Newspapers, Printers, and Reading Rooms Repeal Act 1869
- Parliament of the United Kingdom
- Long title: An Act to repeal certain enactments relating to Newspapers, Pamphlets, and other Publications, and to Printers, Typefounders, and Reading Rooms.
- Citation: 32 & 33 Vict. c. 24
- Territorial extent: United Kingdom

Dates
- Royal assent: 12 July 1869
- Commencement: 12 July 1869

Other legislation
- Amends: See § Repealed enactments
- Repeals/revokes: See § Repealed enactments
- Amended by: Statute Law Revision Act 1883; Statute Law Revision (No. 2) Act 1893; Printer’s Imprint Act 1961; Statute Law (Repeals) Act 1973; Criminal Procedure (Scotland) Act 1975; Criminal Justice Act 1982; Law Officers Act 1997; Courts Act 2003;
- Relates to: Newspaper Libel and Registration Act 1881;

Status: Amended

Text of statute as originally enacted

Revised text of statute as amended

Text of the Newspapers, Printers, and Reading Rooms Repeal Act 1869 as in force today (including any amendments) within the United Kingdom, from legislation.gov.uk.

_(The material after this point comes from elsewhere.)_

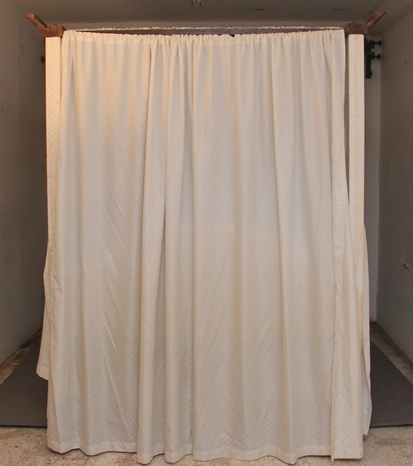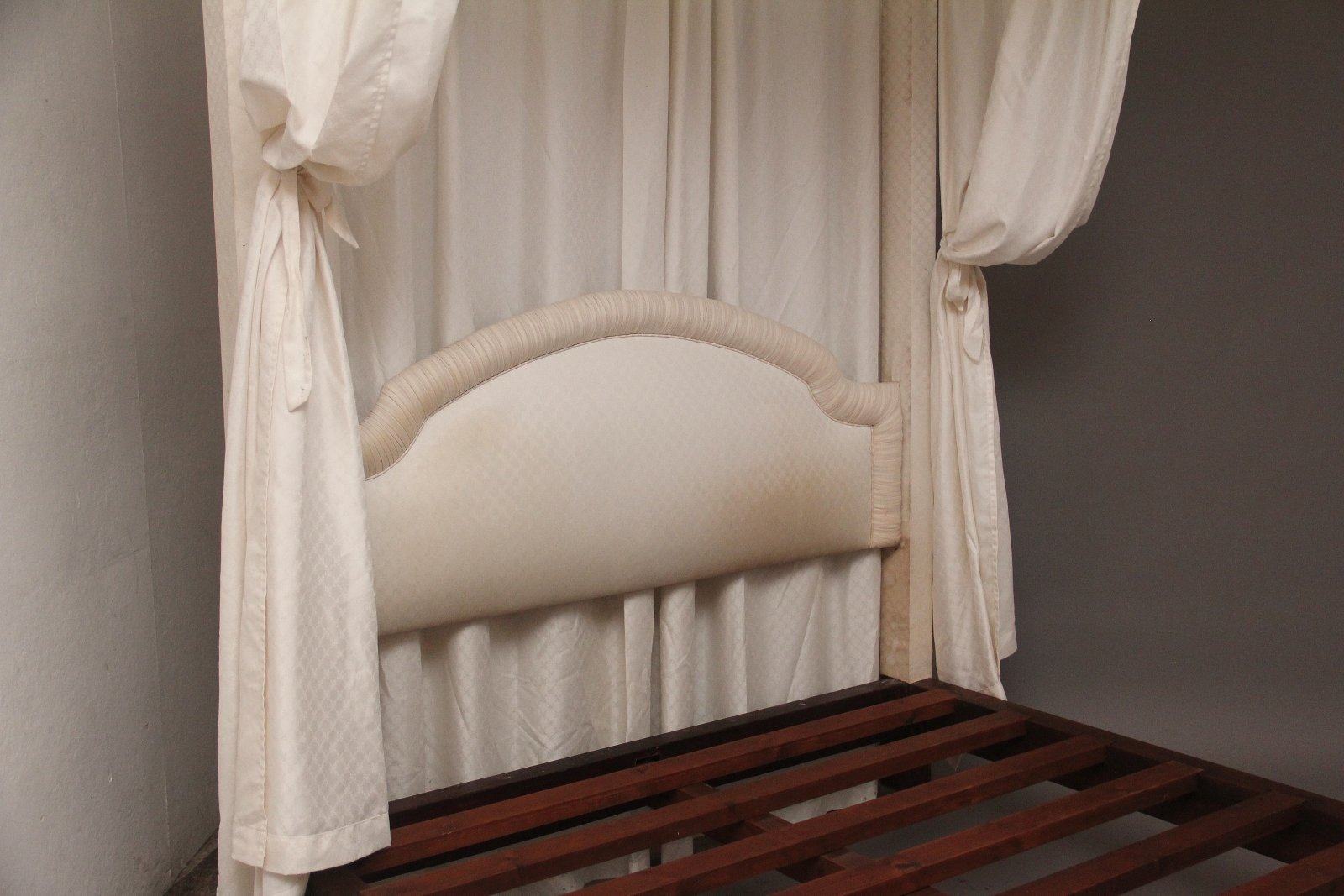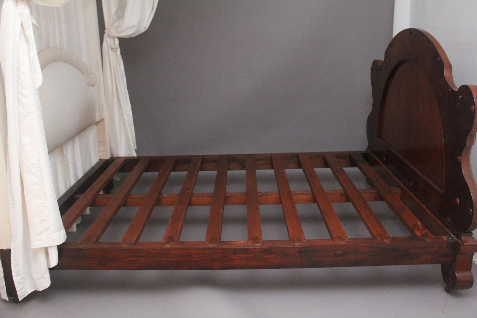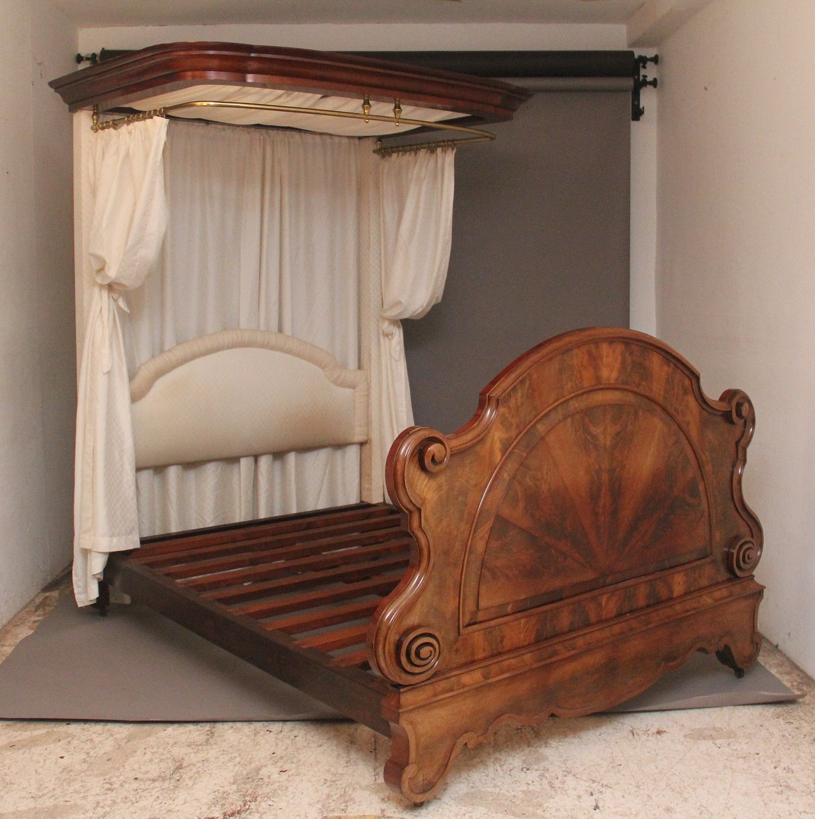 A lovely quality 19th Century mahogany half taster bed, the King size half tester bed having a decorative moulded and shaped canopy top fitted with a cream fabric, having a brass rail with hanging draped and tie backs, a decorative cushioned headboard with further hanging draped behind, having a wonderfully shaped and moulded footboard with carved scroll decoration and central semi circular panel, wonderful curl veneer throughout, shaped front feet and terminating on castors. Circa 1860.

= Newspapers, Printers, and Reading Rooms Repeal Act 1869 =

Act of the Parliament of the United Kingdom

The Newspapers, Printers, and Reading Rooms Repeal Act 1869 (32 & 33 Vict. c. 24) is an act of the Parliament of the United Kingdom that repealed various enactments relating to newspapers, printers and reading rooms in the United Kingdom.

The act abolished the compulsory registration of proprietors, but this was reintroduced by the Newspaper Libel and Registration Act 1881 (44 & 45 Vict. c. 60).

== Provisions ==
=== Repealed enactments ===
Section 1 of the act repealed 11 enactments, listed in the first schedule to the act. The act reinstated certain provisions, listed in the second schedule to the act.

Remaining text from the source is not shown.